* Data below
****

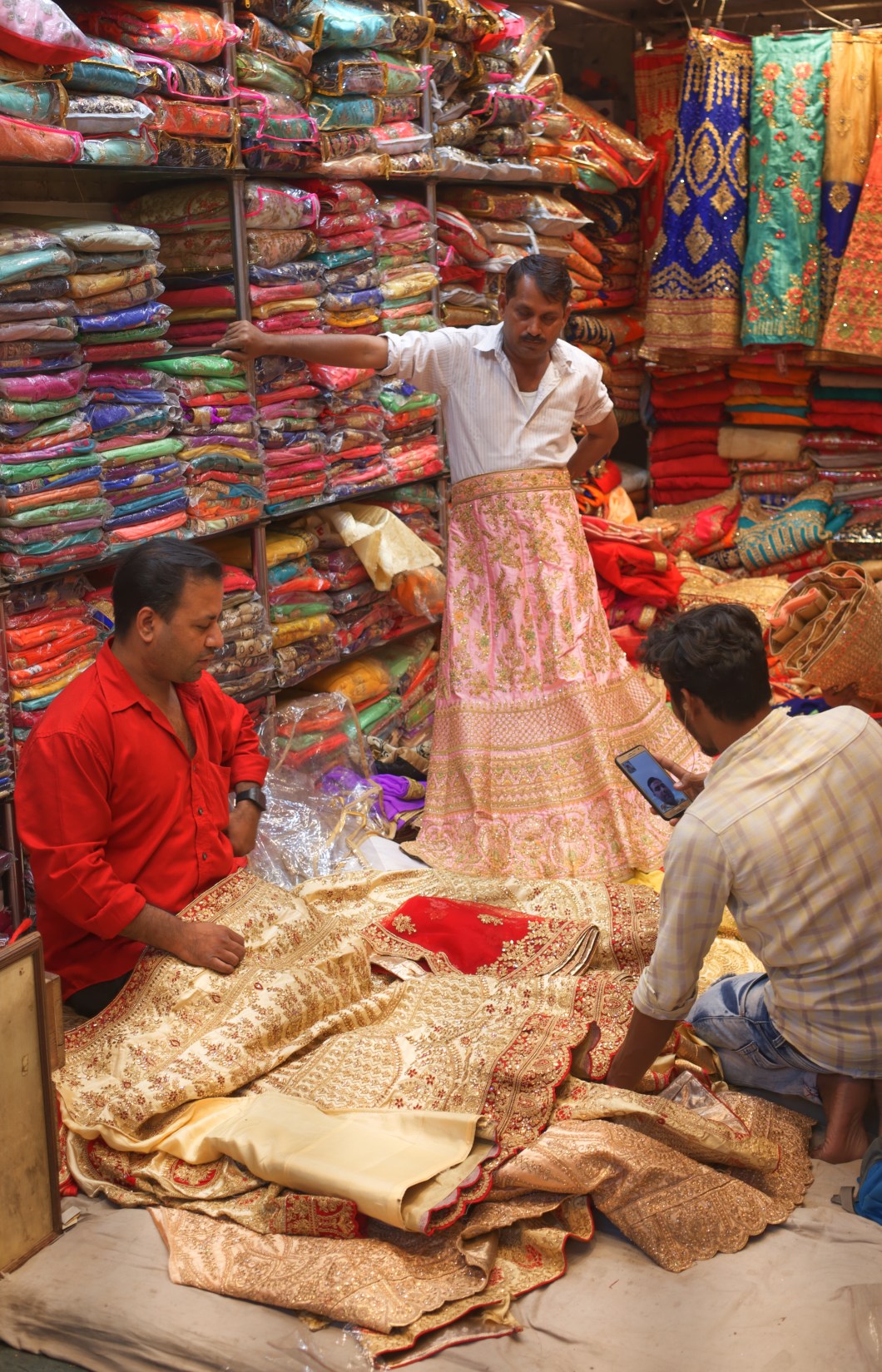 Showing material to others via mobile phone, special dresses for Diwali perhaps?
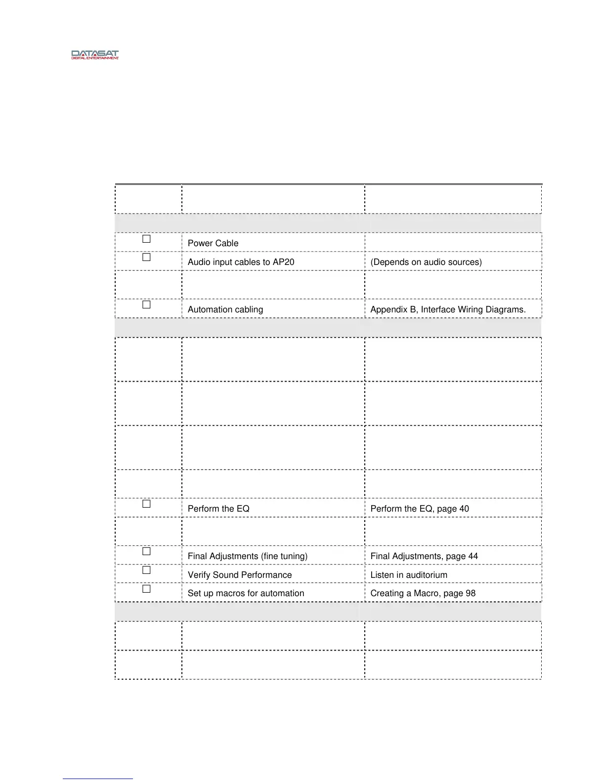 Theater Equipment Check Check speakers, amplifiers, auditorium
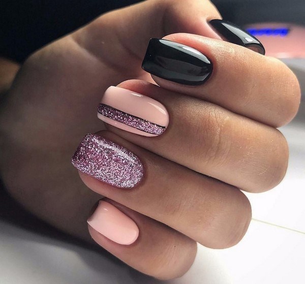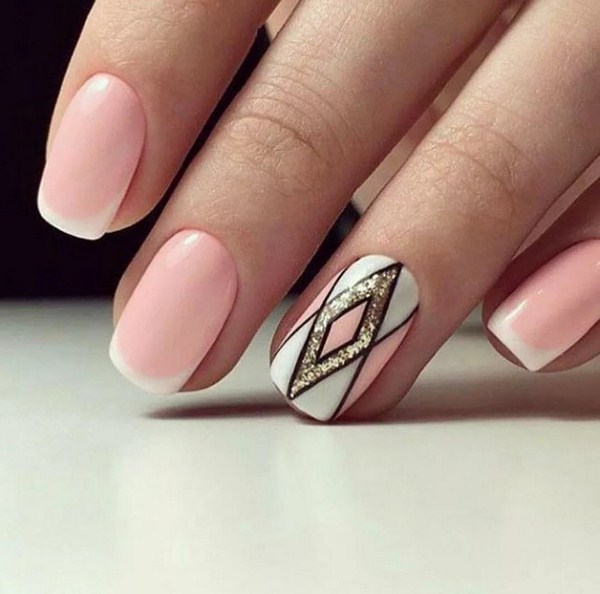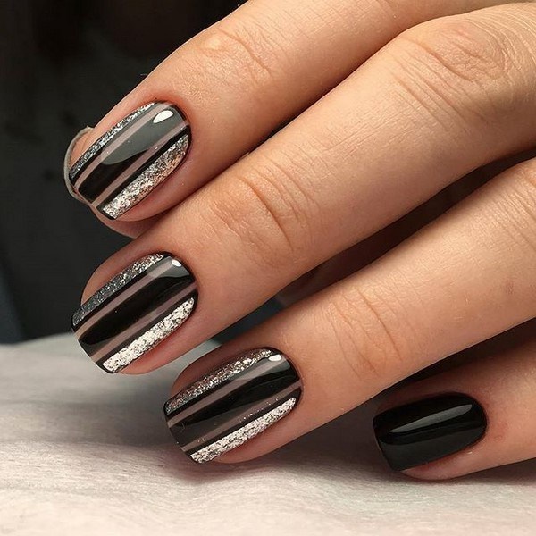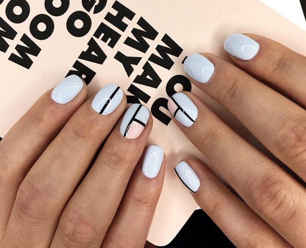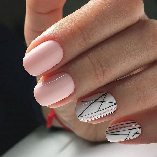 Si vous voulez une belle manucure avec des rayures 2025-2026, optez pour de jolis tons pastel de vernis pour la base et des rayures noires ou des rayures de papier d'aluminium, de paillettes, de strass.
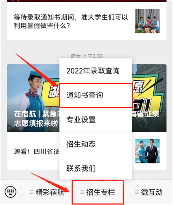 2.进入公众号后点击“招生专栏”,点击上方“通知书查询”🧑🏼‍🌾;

****

* Work instruction
Repeat verbatim the lines from the one holding "Theater Equipment Check" through the end of the listing above, both ends included, but not the pictures.

* Answer
 Theater Equipment Check Check speakers, amplifiers, auditorium
 Si vous voulez une belle manucure avec des rayures 2025-2026, optez pour de jolis tons pastel de vernis pour la base et des rayures noires ou des rayures de papier d'aluminium, de paillettes, de strass.
 2.进入公众号后点击“招生专栏”,点击上方“通知书查询”🧑🏼‍🌾;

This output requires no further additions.